Também medalhista olímpica no vôlei de praia — prata em 2000 e 2004 —, Adriana Behar optou pelo mundo corporativo. Hoje, ela é gerente geral de planejamento esportivo do COB, onde participou do Programa de Carreira do Atleta, e afirma que há mais oportunidades para as mulheres. Mas também é preciso ter interesse e saber gerenciar o pós-carreira esportiva. Ela relembra, no entanto, que as diferenças de gênero no esporte já foram maiores.
— Não sofri ofensas diretas por ser mulher, porém passei por um momento no vôlei de praia no qual a premiação era diferente entre homens e mulheres; o número de duplas era diferente… Mas isso não desanimou, pelo nosso esforço sabia que isso seria revertido. Nunca me abalou e me deu mais força para brigar mais ainda — afirma Adriana, que reconhece as diferenças entre ser comandada pelos dois sexos . — A Letícia (Pessoa) é a minha maior referência. Foram 10 anos juntas. Obviamente, que há diferença: homem é mais direto, mais objetivo, mais transparente no que quer. A mulher também tem essa postura direta, mas com uma visão mais materna, considera outros aspectos. A grande questão é que respeito, admiração e profissionalismo não têm gênero.
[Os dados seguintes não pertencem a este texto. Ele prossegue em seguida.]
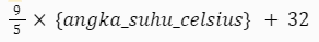 1. 9 / 5 * {angka_suhu_celsius} + 32;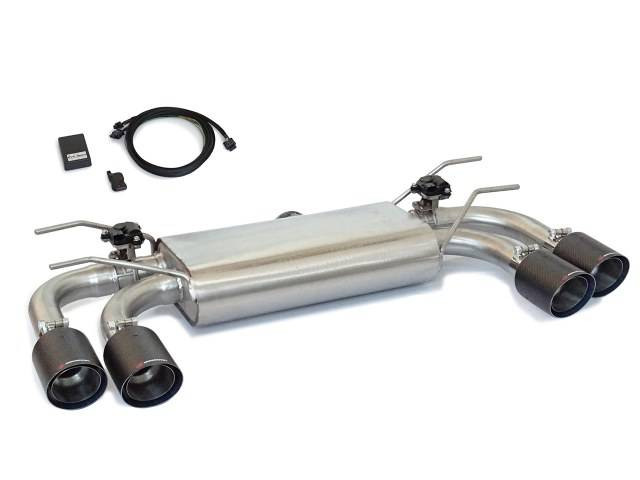 Silencieux arrière duplex en inox g/d avec 2 sortie ronde Carbon Shot 100 mm avec valves électriques intégrées et télécommande wifi. Ligne avec diamètre majoré 70 mm

Ex-técnica de Adriana Behar e atual treinadora da seleção de vôlei de praia, Letícia corrobora com a pupila. Hoje, segundo ela, ganhar um lugar de comando no meio esportivo passa por uma questão de vontade de lutar pelo seu lugar. Porém, admite que, em determinadas áreas, como o vôlei de quadra, há preconceito de gênero.
— Na quadra, preferem contratar homem a mulher. Isso é fato. Porém, em qualquer carreira vai depender do resultado. Se tiver conquista, vai ser respeitada — acredita.